Sunday, June 27, 2010

Jace Smith's Misstatement in News-Leader

Dear Springfield City Council,

Jace Smith, director of Missouri State Advocacy for the American Heart Association, in his News-Leader June 26th op-ed, "Support Workplace Smoking ban in Springfield", cites a study published last October in Journal of the American College of Cardiology which found that smoking bans cut heart attack rates 17 percent in communities that impose them. But the Kansas University researchers who conducted that study now admit they made a mistake and have published a correction of their study in the Journal of the American College of Cardiology. The corrected rate of decline is 8 percent. Boston University researcher Dr. Michael Siegel points out that 8 percent is "a rate of decline not significantly different from the levels of decline in heart attacks that are being observed in the absence of smoking bans, which have varied between 5 percent and 10 percent per year in many communities."
http://content.onlinejacc.org/cgi/content/full/54/20/1902-a
http://kansas.watchdog.org/2777/smoking-ban-advocate-says-some-claims-just-smoke/

Springfield Councilmen, smoking ban proponents in both St. Louis and Springfield argue that only strict smoking bans should be passed in order to cut heart attack rates. I wanted to let you know that the most comprehensive study yet conducted concerning the public health effects of smoking bans has found that smoking bans do not decrease mortality rates, hospital admissions orheart attack rates in communities that impose them. The study was conducted by researchers from the Rand Corporation, Stanford University, the University of Wisconsin and the Congressional Budget Office. The National Bureau of Economic Research has already circulated this study, CHANGES IN U.S. HOSPITALIZATION AND MORTALITY RATES FOLLOWING SMOKING BANS, as a working paper, and it will soon be published in a major medical journal. http://www.nber.org/papers/w14790 Please find this study attached.

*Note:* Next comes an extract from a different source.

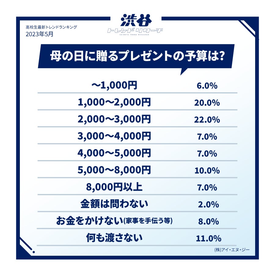 「2,000〜3,000円」が最も多く選ばれた金額帯でした。毎年、カーネーションと手紙をセットでプレゼントしているというコメントも寄せられ、母の日に花を贈る文化は現在でも大切にされていることがわかります。また、「5,000~8,000円」を選んだ高校生からは、ブランドの財布や美顔器など高額なプレゼントを贈るといった声も見られ、母の日を誕生日と同様に特別な日と位置付けている人も少なくないようです。
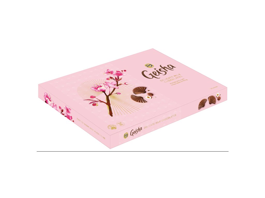 Mléčné čokoládové bonbóny s náplní z lískových oříšků a nugátu (38%).

The researchers summarize their study:

"U.S. state and local governments are increasingly restricting smoking in public places. This paper analyzes nationally representative databases, including the Nationwide Inpatient Sample, to compare short-term changes in mortality and hospitalization rates in smoking-restricted regions with control regions. In contrast with smaller regional studies, we find that workplace bans are not associated with statistically significant short-term declines in mortality or hospital admissions for myocardial infarction or other diseases. An analysis simulating smaller studies using subsamples reveals that large short-term increases in myocardial infarction incidence following a workplace ban are as common as the large decreases reported in the published literature."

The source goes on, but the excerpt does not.